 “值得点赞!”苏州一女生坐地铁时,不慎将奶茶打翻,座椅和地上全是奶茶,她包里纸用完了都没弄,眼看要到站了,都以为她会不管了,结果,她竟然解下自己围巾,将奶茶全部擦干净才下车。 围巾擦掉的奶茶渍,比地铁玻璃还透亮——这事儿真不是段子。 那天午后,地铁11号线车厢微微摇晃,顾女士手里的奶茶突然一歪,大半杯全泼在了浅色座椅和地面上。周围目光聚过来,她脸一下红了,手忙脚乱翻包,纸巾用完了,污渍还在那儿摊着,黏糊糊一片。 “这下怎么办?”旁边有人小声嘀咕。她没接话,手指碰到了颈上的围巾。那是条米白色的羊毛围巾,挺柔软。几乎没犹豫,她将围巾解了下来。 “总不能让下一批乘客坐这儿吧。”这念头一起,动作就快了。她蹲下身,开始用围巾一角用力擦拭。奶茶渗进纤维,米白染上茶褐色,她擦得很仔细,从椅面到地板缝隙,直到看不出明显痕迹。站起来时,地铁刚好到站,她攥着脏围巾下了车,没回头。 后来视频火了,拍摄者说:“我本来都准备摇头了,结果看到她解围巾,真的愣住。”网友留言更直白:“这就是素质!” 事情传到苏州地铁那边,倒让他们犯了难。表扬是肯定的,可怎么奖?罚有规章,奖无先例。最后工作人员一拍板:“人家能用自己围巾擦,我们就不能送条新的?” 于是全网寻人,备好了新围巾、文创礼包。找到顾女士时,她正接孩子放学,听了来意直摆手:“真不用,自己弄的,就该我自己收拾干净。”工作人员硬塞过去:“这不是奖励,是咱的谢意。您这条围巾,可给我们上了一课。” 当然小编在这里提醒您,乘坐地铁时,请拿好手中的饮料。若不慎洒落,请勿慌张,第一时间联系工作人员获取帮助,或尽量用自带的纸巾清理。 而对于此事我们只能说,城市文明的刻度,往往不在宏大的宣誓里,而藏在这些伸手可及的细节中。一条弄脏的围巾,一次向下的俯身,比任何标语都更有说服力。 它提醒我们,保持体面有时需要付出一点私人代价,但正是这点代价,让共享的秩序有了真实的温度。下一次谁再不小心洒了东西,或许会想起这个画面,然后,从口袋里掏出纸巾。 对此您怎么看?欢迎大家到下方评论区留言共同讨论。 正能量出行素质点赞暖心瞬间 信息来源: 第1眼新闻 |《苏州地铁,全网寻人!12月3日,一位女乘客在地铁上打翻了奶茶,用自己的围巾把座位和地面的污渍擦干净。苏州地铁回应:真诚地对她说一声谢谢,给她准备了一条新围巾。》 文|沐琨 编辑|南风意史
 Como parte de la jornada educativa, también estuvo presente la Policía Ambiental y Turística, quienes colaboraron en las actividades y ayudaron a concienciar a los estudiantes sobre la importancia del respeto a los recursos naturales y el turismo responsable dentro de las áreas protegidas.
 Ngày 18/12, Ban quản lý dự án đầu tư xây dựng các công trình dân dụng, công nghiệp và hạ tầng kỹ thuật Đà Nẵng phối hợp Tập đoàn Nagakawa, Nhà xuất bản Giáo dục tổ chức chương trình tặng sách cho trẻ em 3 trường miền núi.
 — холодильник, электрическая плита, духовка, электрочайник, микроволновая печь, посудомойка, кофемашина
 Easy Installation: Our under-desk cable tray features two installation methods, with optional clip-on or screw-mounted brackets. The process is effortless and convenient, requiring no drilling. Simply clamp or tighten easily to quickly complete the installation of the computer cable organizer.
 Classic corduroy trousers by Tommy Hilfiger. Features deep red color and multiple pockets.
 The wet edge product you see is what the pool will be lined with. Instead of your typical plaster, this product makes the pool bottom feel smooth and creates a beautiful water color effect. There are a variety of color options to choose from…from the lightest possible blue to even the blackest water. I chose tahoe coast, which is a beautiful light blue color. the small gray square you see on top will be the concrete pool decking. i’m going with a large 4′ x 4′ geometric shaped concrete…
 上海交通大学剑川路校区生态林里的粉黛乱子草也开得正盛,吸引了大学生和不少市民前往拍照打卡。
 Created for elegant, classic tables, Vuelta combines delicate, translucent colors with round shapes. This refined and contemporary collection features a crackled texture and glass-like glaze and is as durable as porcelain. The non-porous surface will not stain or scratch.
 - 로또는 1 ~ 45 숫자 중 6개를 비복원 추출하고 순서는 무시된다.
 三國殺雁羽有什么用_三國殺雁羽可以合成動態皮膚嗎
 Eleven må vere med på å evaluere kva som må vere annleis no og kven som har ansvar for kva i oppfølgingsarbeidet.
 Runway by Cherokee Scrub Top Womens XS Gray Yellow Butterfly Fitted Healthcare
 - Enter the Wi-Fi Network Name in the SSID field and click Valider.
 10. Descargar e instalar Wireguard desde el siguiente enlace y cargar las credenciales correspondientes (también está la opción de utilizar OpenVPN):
******
Output must be limited to the lines beginning with the one that contains "Created for elegant, classic" and ending with the last line of the entries, reproduced exactly.

**Written response**
 Created for elegant, classic tables, Vuelta combines delicate, translucent colors with round shapes. This refined and contemporary collection features a crackled texture and glass-like glaze and is as durable as porcelain. The non-porous surface will not stain or scratch.
 - 로또는 1 ~ 45 숫자 중 6개를 비복원 추출하고 순서는 무시된다.
 三國殺雁羽有什么用_三國殺雁羽可以合成動態皮膚嗎
 Eleven må vere med på å evaluere kva som må vere annleis no og kven som har ansvar for kva i oppfølgingsarbeidet.
 Runway by Cherokee Scrub Top Womens XS Gray Yellow Butterfly Fitted Healthcare
 - Enter the Wi-Fi Network Name in the SSID field and click Valider.
 10. Descargar e instalar Wireguard desde el siguiente enlace y cargar las credenciales correspondientes (también está la opción de utilizar OpenVPN):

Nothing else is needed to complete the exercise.